Ke manapun Mbah Nun pergi rasanya energi silaturahim selalu terbawa. Walau pada saat berada di panggung Mbah Nun sempat membercandai “Kesalahan besar UNY mengundang saya, wong saya ini bukan siapa-siapa”. Tapi kalimat tersebut disambut oleh Prof. Suminto A Sayuthi, “Hal ini sudah dikumandangkan oleh Cak Nun sejak tahun 76.” Dan Pak Suminto pun mengutip puisi karya Mbah Nun.

Yang mendasar yang dipaparkan oleh Mbah Nun pada pagi ini adalah membangun kesadaran bahwa aslinya kita sangat tidak layak beridul fitri karena kita belum pernah lulus betul dalam berpuasa. Tapi kita diberi kesempatan ber-Idul Fitri atas dasar kemurahan dan kinasih Gusti Allah Swt.

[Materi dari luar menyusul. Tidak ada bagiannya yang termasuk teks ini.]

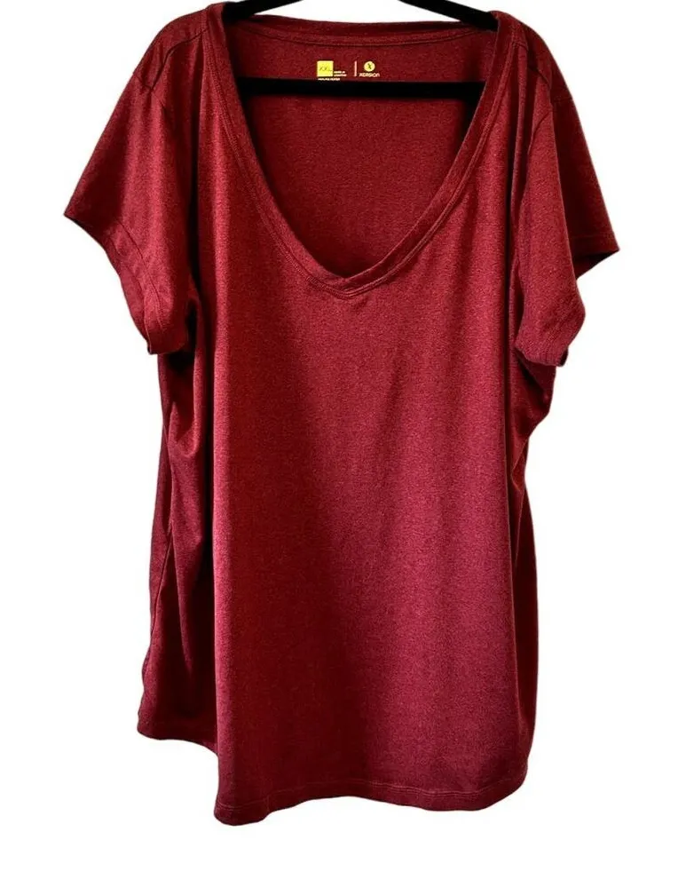 Oh so soft Loose Fitting - perfect for a lounging kind of day. Gently Pre-owned - Good Condition - No flaws discovered Size XXL V Neck 100% Polyester Machine Wash All Season Fits true to size Single Fold Binding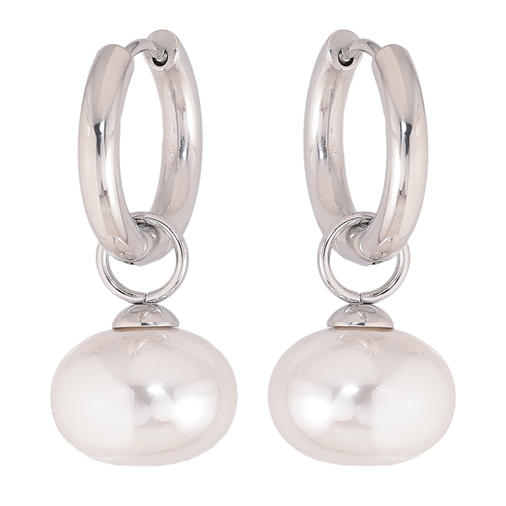 Сережки Нержавіюча сталь підвіски на колечках "Перлини" 2 в 1, ø 14мм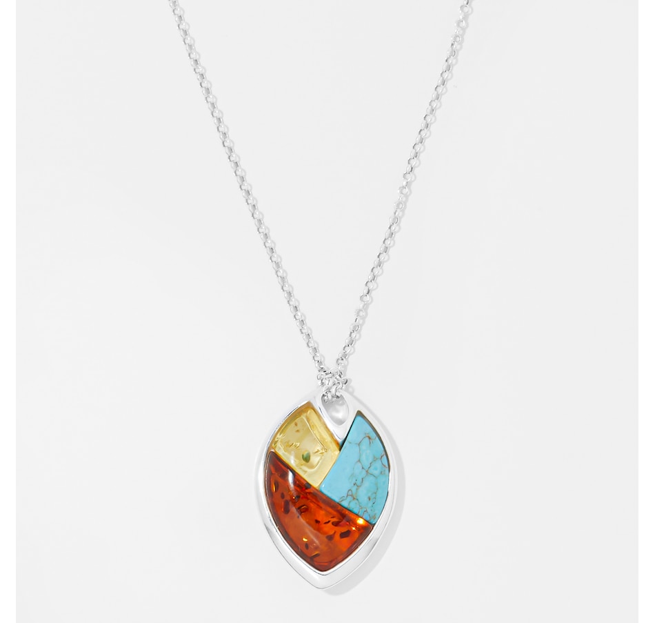 • Multi Turquoise style: (1) 15 mm x 8 mm (1) 8 mm x 6 mm freeform amber, and (1) 13 mm x 8 mm freeform turquoise

Senin pertama pasca hari raya Idul Fitri 1440 H tahun ini, 10 Juni 2019, jajaran rektorat, pengajar, dan civitas kampus Universitas Negeri Yogyakarta tampaknya merasa butuh energi baru untuk memulai kembali segala kegiatan setelah beberapa hari libur hari raya. “Merajut Silaturrahim Untuk Memperkuat Persatuan Menuju UNY Unggul”, kalimat yang terpampang di background panggung di Gedung Auditorium Universitas Negeri Yogyakarta sejak pagi hari, acara dijadwalkan bermula pukul 08.00 WIB. Bersanding dengan kalimat tersebut foto Mbah Nun dengan ukuran yang pas.